If AI has an Achilles’ heel, it’s the technology’s reaction to even relatively subtle changes in data center systems and practices. “Most AI techniques are about finding stable patterns, assuming a fixed environment,” Howe explains. “If you change the environment in a way your model can’t see, it will happily tell you the wrong answer.” Careful planning before deploying changes can help mitigate this concern.

Coming soon

While AI-powered data center workload management is already routinely used by many large enterprises, particularly hyperscalers such as Google, Amazon, and Microsoft, the technology is only now beginning to trickle down to smaller data center operators. It won’t be long, Belliappa observes, before data center managers will face a stark choice: continuing to rely on traditional data center management technologies and practices or “significantly invest in AI-driven reinvention to stay viable.”

Over the long term, as the technology improves, costs drop, and adopter confidence grows, AI-driven management is expected to become mainstream. “In the next four to six years, you’ll see AI data center workload management technology as a standard option,” Shah predicts.

“I think this trend is moving fast,” Howe states. “There has long been a lot of automation in data centers, and these [AI] techniques provide a better way to make use of what providers have a lot of—data.” He expects that automated workload management using AI learning methods will “be commonplace soon.”

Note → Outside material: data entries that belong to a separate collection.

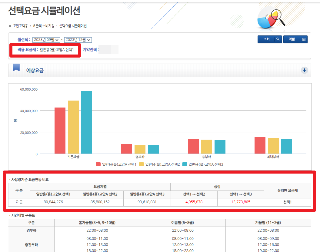 선택요금제는 해당 시뮬레이션을 통해서 무작정 바꾸는 방법도 좋을 수 있지만... 지속적인 관찰이 필요하다. 그 이유는 사업장의 전기사용량이 월별로 다를 수 있기 때문이다. 겨울절에 많이 사용하는 사업장인데, 여름철에는 적게 사용하기도 하니... 월별로 조회하였을 경우 유리한 요금제가 변경될 수도 있다. 매달 선택요금제 변경이 가능하다면... 매달 변경하여 사업장의 최적의 요금제를 변경하며 요금을 납부하면 좋겠지만! 한전에서는 선택요금제 변경 1년에 1회만 변경이 가능하기 때문이다.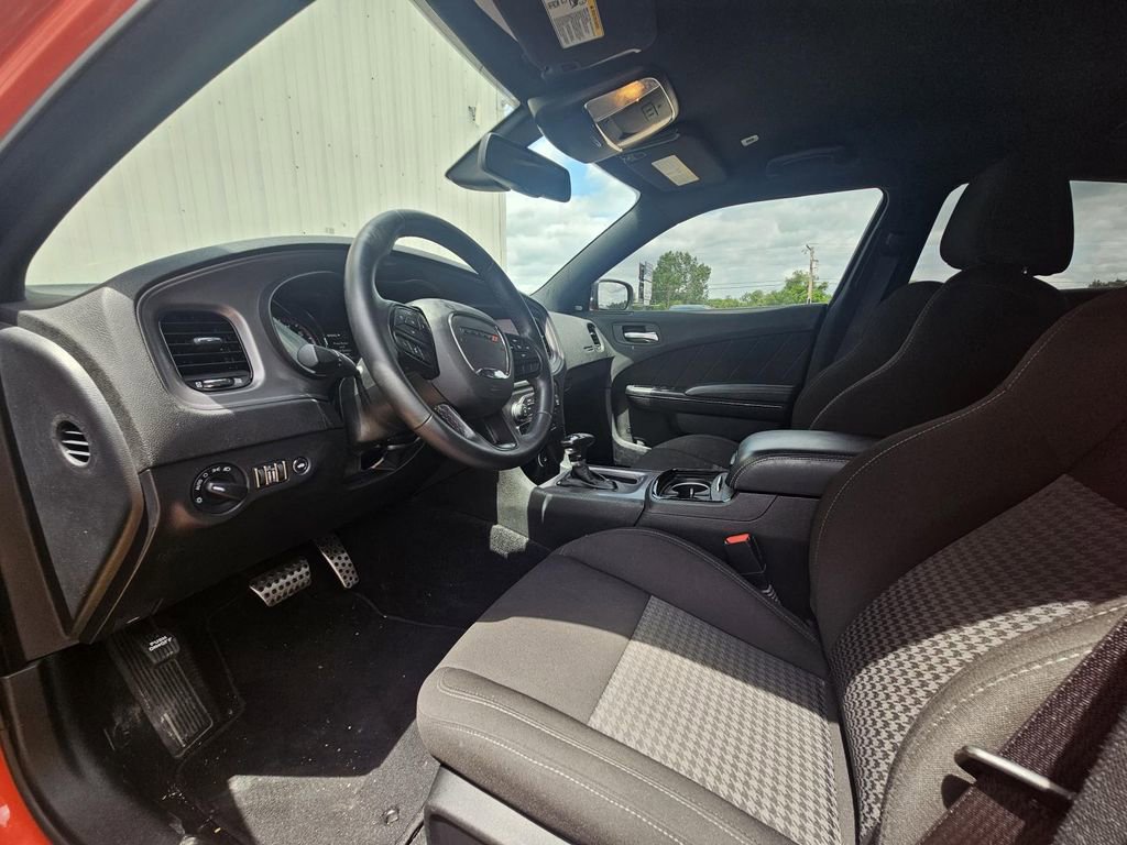 Blacktop Package (Black 1-Piece Performance Spoiler, Black Badge, Black Dodge Grille Badge, Gloss Black I/P Cluster Trim Rings, Rhombi 2-Pc Wheel Center Cap, Satin Black Charger Decklid Badge, Satin Black Dodge Tail Lamp Badge, and Wheels: 20 x 8 Black Noise Painted), Quick Order Package 2EH, Black Cloth, 1-Yr SiriusXM Guardian Trial, 2-Piece Shark Fin Antenna, 4-Wheel Disc Brakes, 4G LTE Wi-Fi Hot Spot, 6 Speakers, 8.4 Touchscreen Display, ABS brakes, Air Conditioning, Alloy wheels, AM/FM radio: SiriusXM, Anti-whiplash front head restraints, Apple CarPlay, Apple CarPlay/Android Auto, Auto-dimming Rear-View mirror, Automatic temperature control, Brake assist, Bumpers: body-color, Cloth Performance Seats, Compass, Delay-off headlights, Driver door bin, Driver vanity mirror, Dual front impact airbags, Dual front side impact airbags, Electronic Stability Control, Emergency communication system: SiriusXM Guardian, For Details, Visit DriveUconnect.com, Four wheel independent suspension, Front anti-roll bar, Front Bucket Seats, Front Center Armrest, Front dual zone A/C, Front License Plate Bracket, Front reading lights, Fully automatic headlights, Garage door transmitter: HomeLink, Google Android Auto, GPS Antenna Input, HD Radio, Heated door mirrors, Illuminated entry, Integrated Center Stack Radio, Integrated Voice Command w/Bluetooth, Knee airbag, Leather Shift Knob, Low tire pressure warning, Media Hub (2 USB, AUX), Occupant sensing airbag, Outside temperature display, Overhead airbag, Overhead console, Panic alarm, ParkView Rear Back-Up Camera, Passenger door bin, Passenger vanity mirror, Power 2-Way Driver Lumbar Adjust, Power 8-Way Driver Seat, Power door mirrors, Power driver seat, Power steering, Power windows, Radio: Uconnect 4C w/8.4 Display, Rear anti-roll bar, Rear Armrest w/Cupholder Seat, Rear reading lights, Rear seat center armrest, Rear window defroster, Remote keyless entry, Speed control, Speed-Sensitive Wipers, Split folding rear seat, Spoiler, Steering wheel mounted audio controls, Tachometer, Telescoping steering wheel, Tilt steering wheel, Traction control, Trip computer, USB Host Flip, Variably intermittent wipers, and Wheels: 20 x 8 Satin Carbon PainteD.
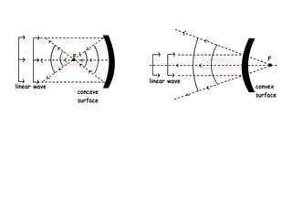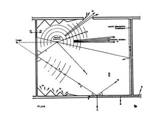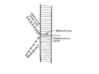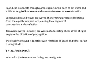 Sound can propagate as longitudinal waves through air and solids, and as transverse waves through solids. The velocity of sound in air depends on temperature. Common units used to measure sound include decibels (loudness), hertz (frequency), and sone and phon (perceived loudness). Sound reflects off hard surfaces similarly to light, while diffraction causes bending around obstacles. The amount of sound absorbed versus reflected by a material is quantified by its absorption coefficient. Reverberation is the prolongation of sound after the source stops due to reflections, and reverberation time is used to characterize how long reflections are audible in a space.

There’s a growing expectation among industry observers that AI will begin dominating data center management sometime within the next three or four years, although pandemic-driven acceleration may help nudge that timeline forward, Kavanaugh says. “Soon, data centers will be able to automate almost all operations, from cybersecurity to maintenance to monitoring,” he predicts. “However, our workload, and management of it, will continue to evolve as the amount of data increases exponentially and, also, as we find new uses for AI in the enterprise.”